Tidak sedikit dari kalangan remaja – remaja tersebut sengaja bolak – balik di jalanan untuk melemparkan cacian ke arah WH, ada juga diantaranya yang dengan sengaja meledakkan petasan untuk menciptakan kegaduhan terhadap WH yang sedang berpatroli. Mereka merasa begitu puas dengan tingkah tersebut seakan mereka memenangi sebuah peperangan ketika WH itu tidak mampu menghentikan apa yang mereka buat. Mereka merasa benar terhadap apapun yang mereka lakukan, mereka beranggapan WH atau Walikota sekalipun tak akan mampu menghentikan kesenangan mereka di malam tahun baru.
Berdasarkan agenda yang termuat dalam Protocol of Zion, salah satu strategi Yahudi dalam menghancurkan Islam adalah dengan cara memprovokasi pemuda/i Islam agar kagum dengan budaya dan peradaban barat. Propaganda bangsa Yahudi tersebut tidak akan berhenti, mereka akan terus berusaha memalingkan umat muslim dari ajaran Islam, dan materi atau kesenangan duniawi adalah senjata utama bagi Yahudi untuk mendangkalkan aqidah umat.

Sebagaimana termaktub dalam protocol of Zion pasal 14.“Diupayakan di dunia ini hanya satu agama, yaitu agama Yahudi (inti ajaran agama Yahudi adalah pemujaan materi atau paham materialisme, pen). Oleh karena itu segala keyakinan lainnya harus dikikis habis. Kalau dilihat di masa kini, banyak orang yang menyimpang dari agama.
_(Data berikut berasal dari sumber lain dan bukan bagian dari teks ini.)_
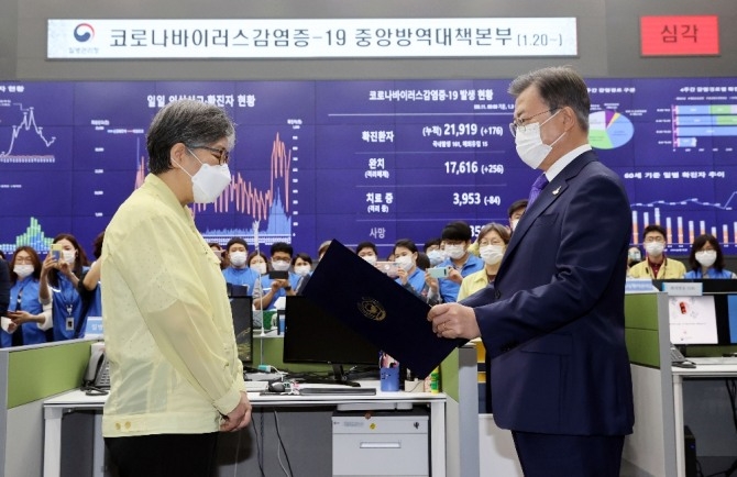 이번 임명장 수여식에 신임 기관장의 가족이 참석하는 것과 달리, 정 신임 청장은 동료 직원과 함께했다고 한다. 문 대통령은 임명장 수여식 후 꽃다발과 ‘건강한 국민, 안전한 사회’라는 문구가 새겨진 축하패도 건네고 있었다.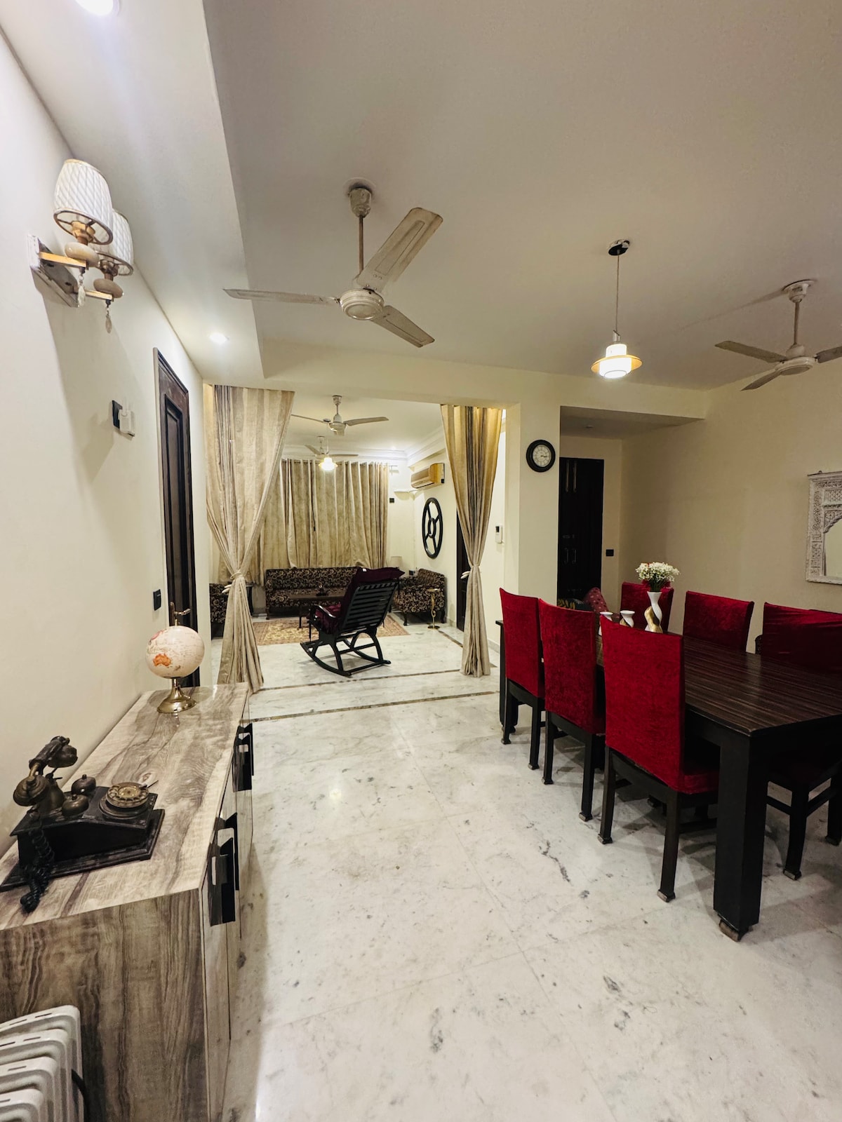 Do you want to bond with family, friends or colleagues in the lap of nature in New Delhi? Do you wish to experience the ideal blend of old-world charm and hospitality with all modern amenities? Do you desire to take a stroll in sprawling lawns under fruit trees or lie in wait for peacocks? If YES then this independent 3-bedroom apartment of Shiv Niwas villa, with private balconies & roof terrace, smart locks, property-wide high-speed Wi-Fi, free car parking & caring lady caretaker-cooks BECKONS!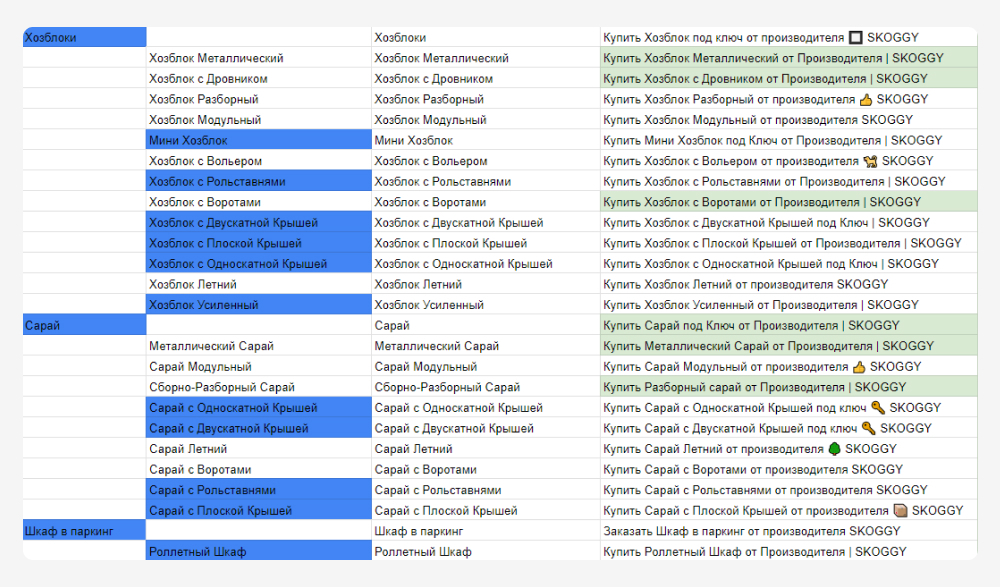 Таким образом мы получили структуру, когда у нас есть основные категории: гаражи, хозблоки и блок контейнеры, а все входящие в них запросы распределены между основными подкатегориями и страницы с тегами.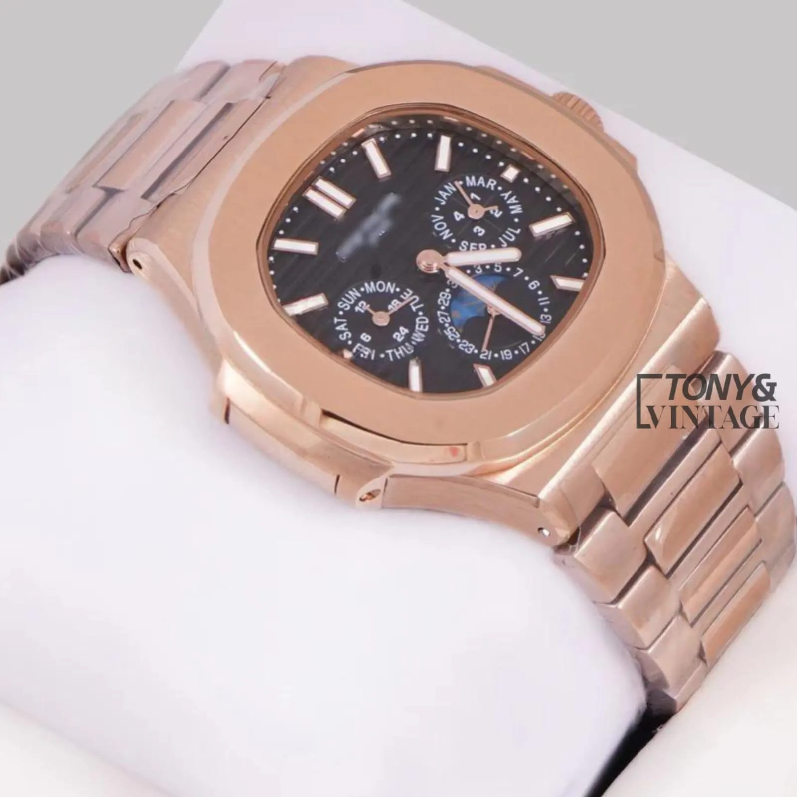 Be the first to review “Moon Phase Chronograph Rose Gold Automatic Watch with Black Dial” Cancel reply

Pada hakekatnya kondisi seperti itulah yang menguntungkan Yahudi…”.

Melihat kondisi remaja kita yang merasa menang dengan penuh kesenangan dan kebebasan saat menyambut datangnya tahun baru dengan budaya dan peradaban barat yang jauh dari nilai-nilai keislaman, telah menjadi bukti bahwa musuh Islam sudah hampir sepenuhnya berhasil menghancurkan Islam. Disaat banyak diantara kita yang menganggab bahwa Syariat Islam merupakan ancaman untuk kebebasan dan kesenangan, saat itulah kita sudah mendapati kekalahan dari peperangan yang sesungguhnya.